On December 12th, the Jamestown Foundation held the organization’s annual terrorism conference. During the first panel, a member of the audience asked can the U.S. break the stalemate in the ongoing war against salafi-jihadists, al-Qaeda (AQ), and the Islamic State (IS)? The panelist Bruce Hoffman, a renowned terrorism expert, responded with a very real but grim response that the U.S is not in stalemate but instead “we are losing.” The majority of these groups are not only operating in the Middle East and Southeast Asia but, the growing presence and increased terrorist attacks in Africa reveal the jihadists’ increased strength and proliferation. In the last year, the countries in the African Sahel experienced over 377 violent attacks and 895 fatalities due to jihadist groups. As stated by the report from the Africa Center for Strategic studies ,”the continent as a whole, reported violent events linked to militant Islamist groups over the previous 12-month period showed a marginal increase (2,919 vs. 2,767).”[2] The rise of instability due to Islamist militant groups influenced the focus of the Trump administration to deliver a new strategy for Africa.

President Trump’s National Security Advisor John Bolton revealed that strategy several days ago at the Heritage Foundation. Ironically, Bolton described how President Trump signed off on the strategy on Dec. 12, the same day Professor Hoffman’s words of defeat rang out at the Jamestown conference. The Trump administration plans to focus on bilateral agreements with African nations to increase U.S. economic and security interests throughout the continent. In the area of security Bolton stated that the “”The United States will no longer provide indiscriminate assistance across the entire continent.” And that “countries that repeatedly vote against the United States in international forums, or take action counter to U.S. interests, should not receive generous American foreign aid.” This strategy hopes to stem the tide of losing against salafi-jihadists in specific locations with reliable regional partners throughout the continent rather than a sweeping approach. Unfortunately, this heavily bilateral approach might help in the short-term but this limited approach will not be enough to deter and prevent salafi-jihadist groups in the long run. The Africa strategy does not address the structural drivers of the conflicts jihadists use to recruit future members, to seek refuge and local communities, and to prevent local corruption.

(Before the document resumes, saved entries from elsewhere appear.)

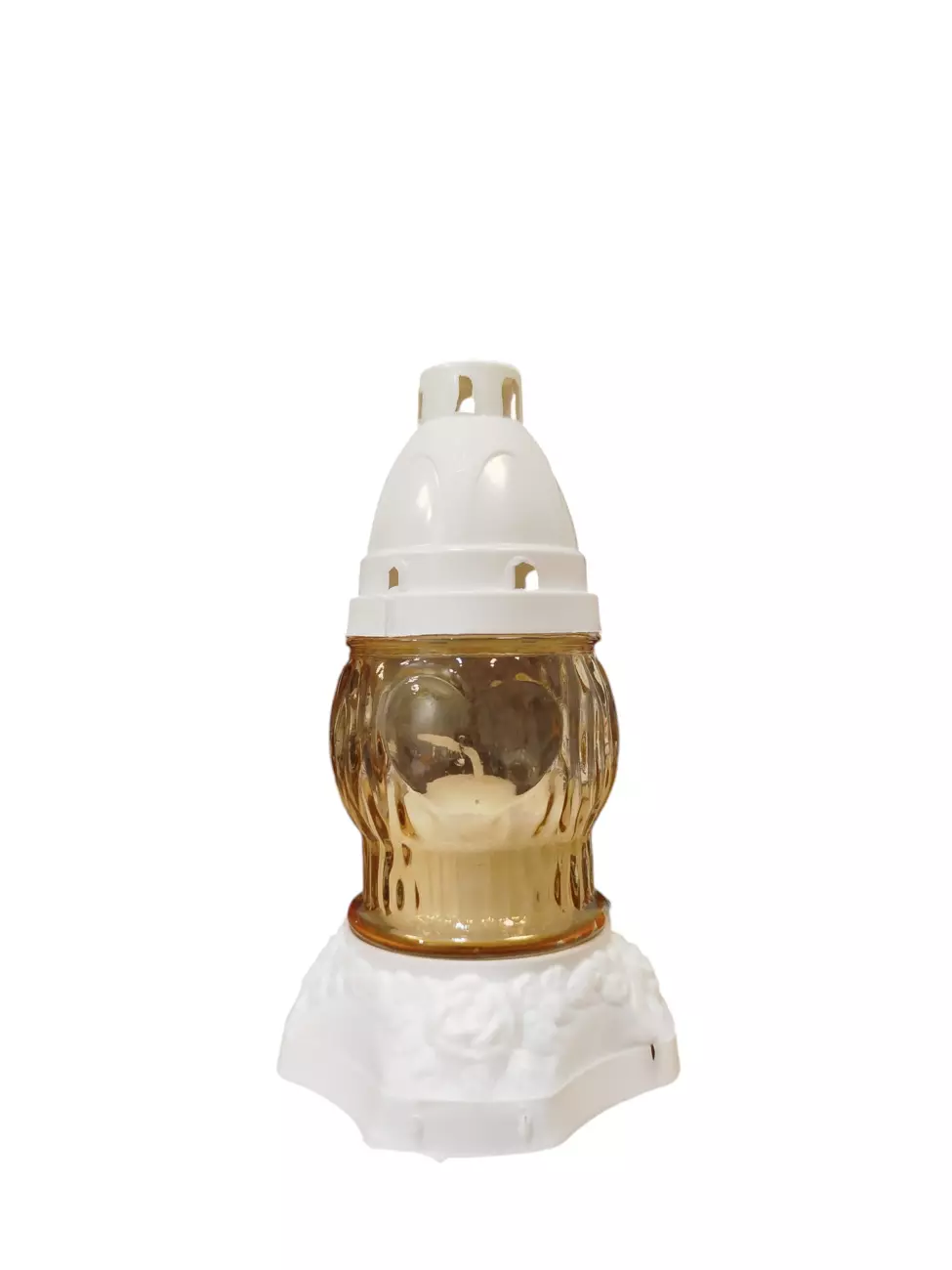 Лампадка виготовлена зі скла, з пластиковою кришечкою та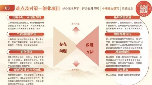 大二时,他担任大象传媒 团委双创部组织实践部负责人,统筹全校大学生创新创业计划。针对大创项目周期长、材料繁琐的问题,他创新工作方法,编写分阶段指导手册,提升工作效率;在项目申报关键期,协调组织多场线上线下宣讲会,邀请企业导师解读政策、分享经验,为同学答疑解惑;还整合资源打造创新创业训练营,从商业计划书撰写到路演技巧,系统提升项目质量。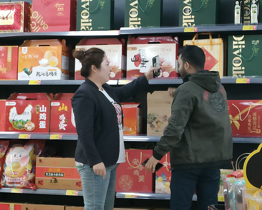 事情是這樣的,有一次,有一個(gè)外國(guó)男生站在雞蛋區(qū)那里比劃了半天,張慕華以為是問雞蛋價(jià)格,于是就拿著雞蛋用英語說了價(jià)格。結(jié)果,小男孩著急地捂著肚子,還是不停地在比劃。由于語言不通,比劃了大半天,倆人也沒溝通明白。情急之中,他拿出手機(jī)打下英語,翻譯完后,竟然是問“廁所在哪里?”。看到這句翻譯過來的話,我們都不好意思地笑了。以前,他們雖然也是超市的常客,但基本上不太和我們交流。經(jīng)過這次以后,我們雙方也算是“接上頭”了。我們也學(xué)他通過手機(jī)下載翻譯軟件,把漢語轉(zhuǎn)換成英語,便于溝通,讓他們能有更好的購(gòu)物體驗(yàn)。后來,經(jīng)過一來二去的溝通交流,我們了解到他們四個(gè)人來自孟加拉國(guó),是來求學(xué)的,住在我們民生店附近,每周三會(huì)定期來采購(gòu)大米、蔬菜、雞蛋等生活用品。因?yàn)槲疫€算是會(huì)幾句英語,所以只要他們一來,店員們就去叫我,生怕耽誤他們購(gòu)物。記得還有一次,他們要買橄欖油,我們給他們介紹了好幾種食用的橄欖油都不行,我們也有點(diǎn)不知所措,那個(gè)男生就急得不停地抹臉,看到這個(gè)動(dòng)作我們才恍然大悟,原來是擦臉用的橄欖油啊!

The U.S appears to be losing the war against salafi-jihadists because the militant groups can maintain heavy levels recruitment of fighters by attracting support from local populations. The recruiters take advantage of civil violence, sectarian division, and local government corruption. If a local wants to increase his or her stability, gain more money, and to seek refugee from oppressive governance, they join the jihadists. The salafi-ideology can be adopted later. In Mali, Jama’at at Nusrat al-Islam wal-Muslimin (JNIM) attracts local support from the communities in the north that feel repressed by the government or rival local groups due to their ethnicity. In northern Mali, the jihadists attempt to “exploit ethnic tensions between mostly lighter-skinned Tuareg pastoralists and black Fulani herdsmen.” Some of the Tuaregs are members of the local militias loyal to the government. In central Mali, “parts of JNIM, specifically Katibat Macina are comprised of ethnic Fulani jihadists. Malian authorities have accused Fulani jihadists of stoking tensions between the Fula and Bambara in central Mali.” By continuing to increase civil instability, JNIM attempts to be the only group able to provide security to the region. Due to the historical abuse of the Malian military, the northern Tuareg and Fulani are skeptical of the presence government’s security forces. Therefore, JNIM attempts to fill the security void. The U.S. strategy does not address the historical communal divides or the abuses of the Malian government. By providing more money and training, the U.S. is only strengthening the very institutions that the locals view with fear, suspension, and mistrust. Recruitment is therefore easy for JNIM.

While Mali is but one example, the country appears to be a case that fits Bolton’s description of specificity. “The United States will no longer provide indiscriminate assistance across the entire continent, without focus or prioritization. And, we will no longer support unproductive, unsuccessful, and unaccountable UN peacekeeping missions. We want something more to show for Americans’ hard-earned taxpayer dollars.” However, if the U.S. continues to shell out money without addressing structural drivers of the conflict, the cycle of violence will continue, and we will continue to lose the fight.